Chisora, Selby, Okolie, and Benn all win on Prograis vs Taylor undercard

Dereck Chisora defeats Artur Szpilka
Dereck Chisora is on a good run of knockout wins. Here he Ko’s Artur Szpilka in 2 rounds at the O2 Arena.

On what must be one of the best boxing cards of the year so far, Josh Taylor and Regis Prograis treated us to a classic battle in their WBSS 140lb final at the O2 Arena in London.

Dereck Chisora vs David Price

On the undercard, Dereck ‘War’ Chisora did what was expected of him by stopping former British and Commonwealth heavyweight champion David Price in 4 exciting rounds. Chisora, at 35 years of age looks like a danger to any heavyweight out there, even the thought of him and Deontay Wilder letting it all hang out is a mouth-watering prospect. Chisora’s decision to link-up with former foe David Haye raised a few eye brows when it was first announced, but Dereck has looked in the best shape of his career since subjecting himself to Haye’s rigorous fitness lifestyle.

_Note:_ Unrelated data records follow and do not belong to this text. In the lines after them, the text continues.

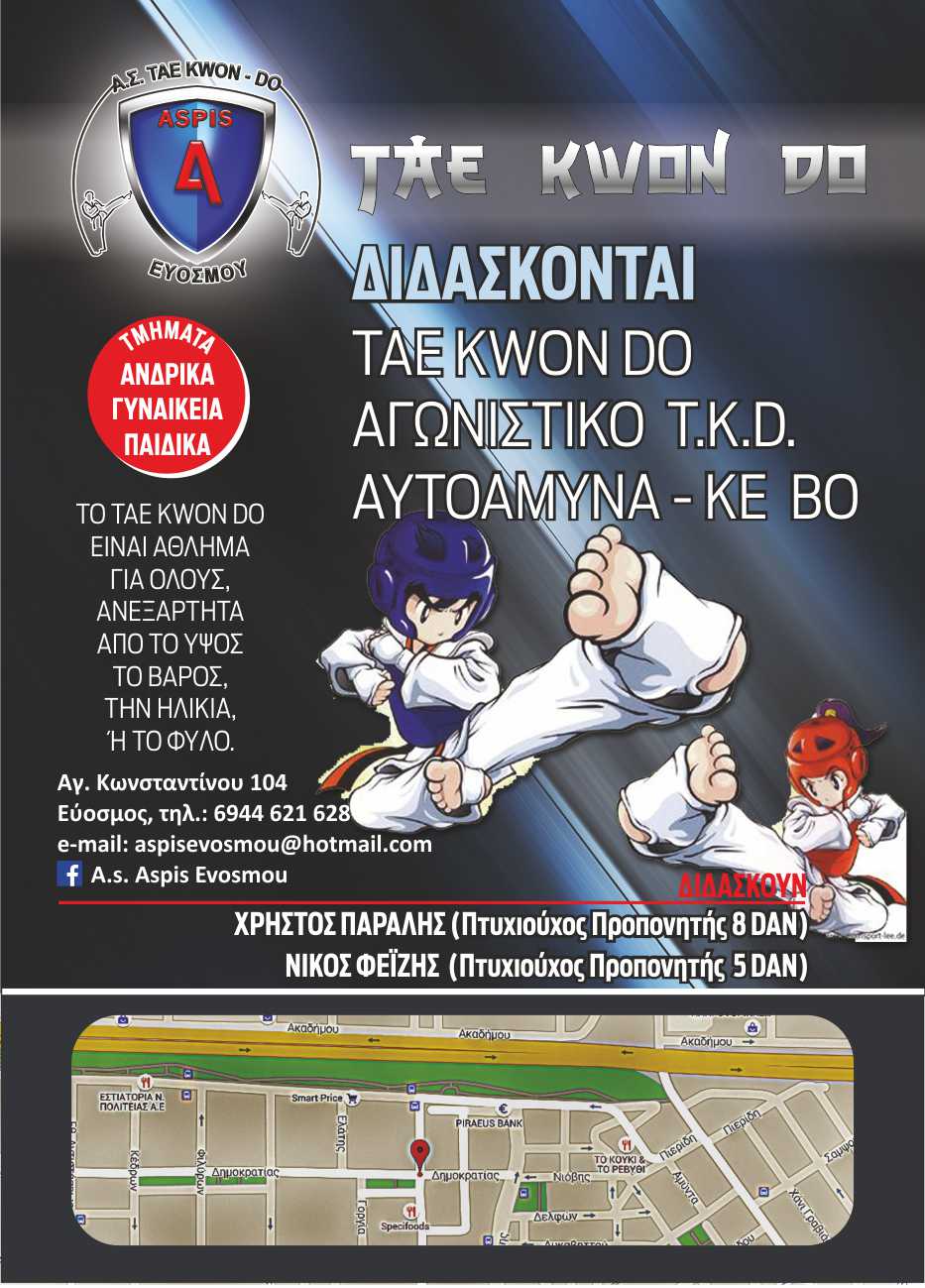 ΑΣΠΙΣ ΕΥΟΣΜΟΥ ΑΘΛΗΤΙΚΟΣ ΣΥΛΛΟΓΟΣ TAE KWON DO - ΦΕΪΖΗΣ ΝΙΚΟΛΑΟΣ - 2313076029 - 6944621628
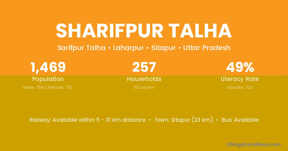 Sharifpur Talha village has a total population of 1,469 people, of which 759 are males and 710 are females.
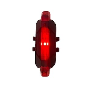 Itens inclusos: 1 lanterna sinalizadora, 1 cabo usb, 1 presilha de silicone pequena e 1 presilha de silicone grande.
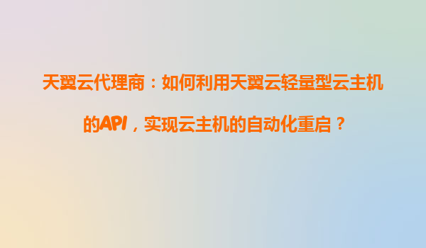 2025-10-29天翼云代理商:利用轻量型云主机API实现自动化重启 在云计算时代,自动化运维已成为企业提升效率的关键手段。作为天翼云代理商,掌握轻量型云主机的API调用能力,能够为客户提供更高效的服务。本文将详细介绍如何通...
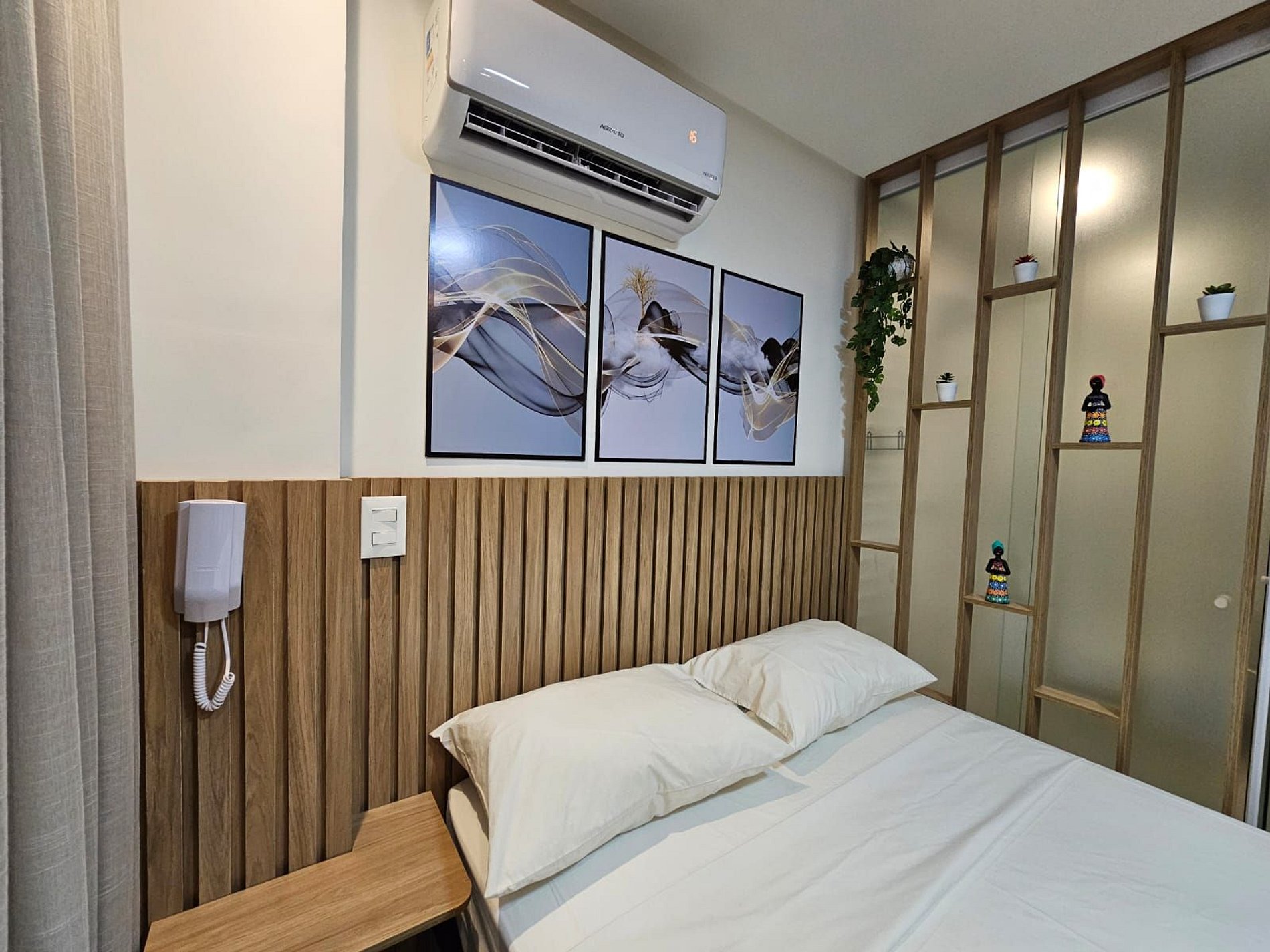 O flat proporciona uma estadia confortável e relaxante com uma cama de casal espaçosa, ideal para noites de sono revigorantes. Para o entretenimento, uma Smart TV está disponível, garantindo momentos de descanso com uma variedade de opções de conteúdo.
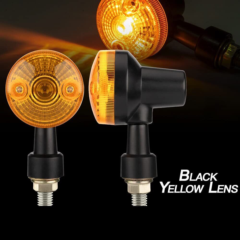 ウインカー 1台分 4個セット 汎用 メッキ クリア イエロー レンズ フロント リア 丸型 ミニ (ブラック/イエロー)
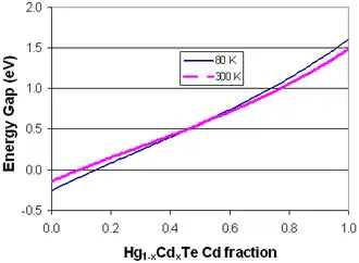 - ^ Hansen (1982). "Energy gap versus alloy composition and temperature in HgCdTe". Journal of Applied Physics. 53. doi:10.1063/1.330018.
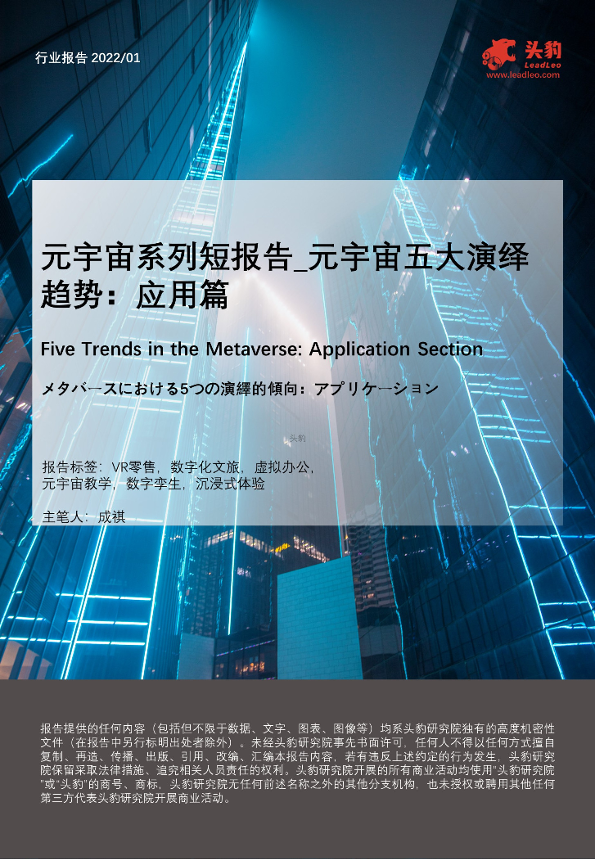 【头豹研究院】【20220330】元宇宙系列报告_元宇宙五大演绎趋势:应用篇-23页
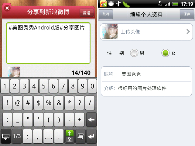 一张精致的图片处理好后,点击右上方绿色勾确定,在新窗口中点击上方的“保存到相册”,就能将图片保存到手机上,稍后可以直接在微博客户端调用已保存好的图片作为头像。同样,点击下方的“分享到新浪微博”就可以直接通过微博发布了。
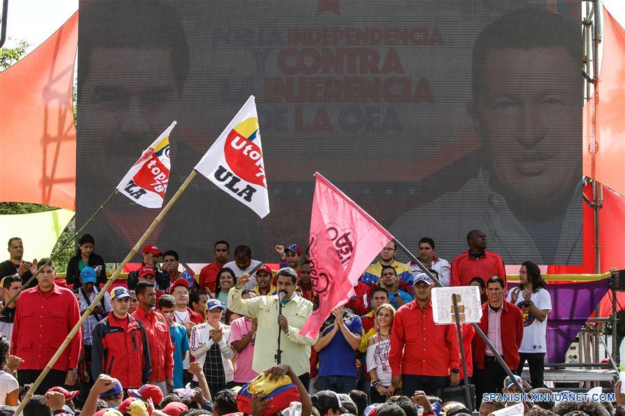 El presidente venezolano, Nicolás Maduro (c), pronuncia un discurso durante un acto con jóvenes, en Caracas, Venezuela, el 1 de junio de 2016. El presidente venezolano Nicolás Maduro instó el miércoles a la juventud y a los movimientos progresistas de todo el país a mantenerse en campa?a permanente contra la intención del "imperio (Estados Unidos de América) de intervenir" en el país caribe?o. (Xinhua/Boris Vergara)
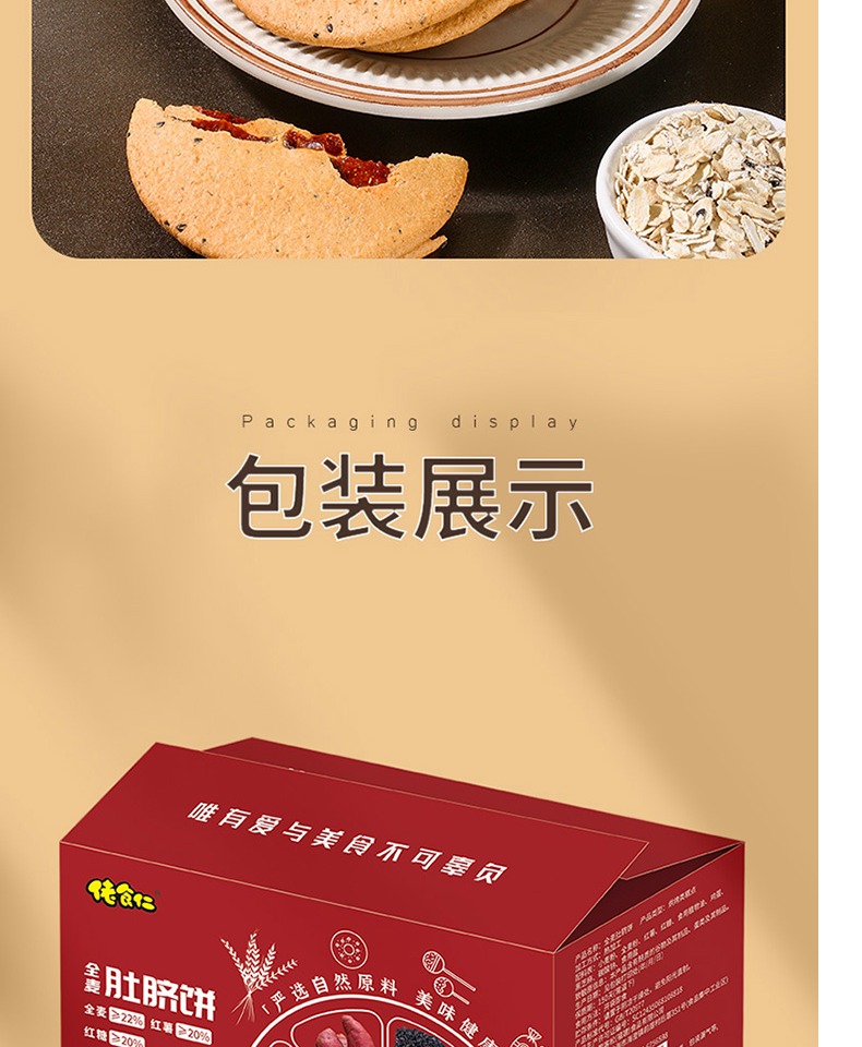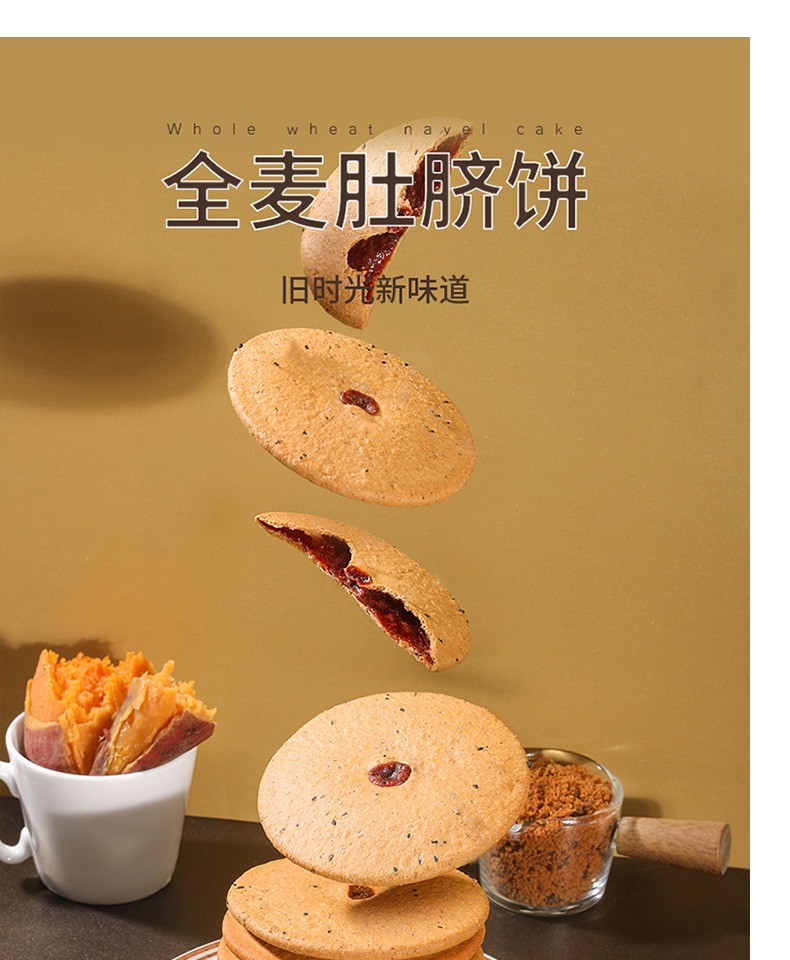 佬食仁全麦红糖肚脐饼整箱潮汕特产小吃零食盒装粗粮煎饼健康食品

David Price is going to leave boxing at some stage remembered as a ‘what could have been’ type of fighter. Anyone in the sport can recognise the talent he possesses, even at 36 years of age. At 6’ 8” he has all the physical attributes that set Tyson Fury apart from his contemporaries and the sort of punching power that ‘the Gypsy King’ can only dream of, and yet each time he has been put in with a world class operator after running up a 15 fight unbeaten streak, he has failed miserably.

The British boxing fans love David Price, but I hope he calls it a day and moves on to the next phase of his life. He is a warrior with nothing left to prove.

Lee Selby vs Ricky Burns

In what turned out to be a really enjoyable fight between two former world titleholders, former IBF featherweight champion Lee Selby showed that it was he that has retained more of his skills. Looking more like the man that destroyed Evgeny Gradovich at the O2 in 2015 to win his world title, Selby used his still speedy footwork to outmaneuver the 36-year-old Burns who just keeps proving his doubters wrong.

For those that have Ricky’s best interests at heart, it might be the right time to advise retirement. The Coatbridge man has succeeded way beyond his wildest dreams. When he lost to Alex Arthur in 2006, and Carl Johanneson in 2007, it seemed that he may not be successful even at domestic level but when in 2010 he won the WBO world super-featherweight title from Puerto Rican Roman Martinez he had improved 200% as a fighter. Two more weight divisions were conquered and the rest is history.

Burns kept Selby honest throughout the 12 rounds so he can come again, but what for? He has now lost 3 of his last 5, Call it a day ‘Rickster’. Scotland’s only 3-weight world champion, you’ve done it all, no more to prove.

Lawrence Okolie vs Yves Ngabu

Hackney’s Lawrence Okolie won the European cruiserweight title from the formerly unbeaten Belgian Yves Ngabu and adds it to the British and Commonwealth belts he had already collected.

No-one can argue with Okolies success, he is unbeaten (14-0-0, 11 Ko’s), but his problem is that he is not good to watch. He is relatively inexperienced even though he is an Olympian and holds 3 professional titles.

We have seen this phenomena before in boxing. Johnny Nelson quite frankly stunk the joint out on more than a few occasions in his early career, but he became a smooth punching, fast footed performer that made 12 successful defences of his WBO world cruiserweight title. Okolie, is far more confident than Nelson was at this stage of their careers, but he needs to learn how to hit and move instead of constantly grabbing his opponent whenever they initiate an attack. The fans don’t want to watch a grabbling match.

That said, the finish was impressive and I can see Okolie winning a world title now that Oleksandr Usyk has left the division.

Conor Benn vs Steve Jamoye

Conor Benn moved to 16-0-0, 11 Ko’s, with a 4th round stoppage of Belgium’s Steve Jamoye (26-8-2, 5 Ko’s).

The 23-year-old from Ilford in Essex took his time before catching his opponent with a crunching right hand that led to a heavy knockdown. Benn lost a point for low blows but otherwise it was the straight-forward outing that we expected for the fastimproving prospect.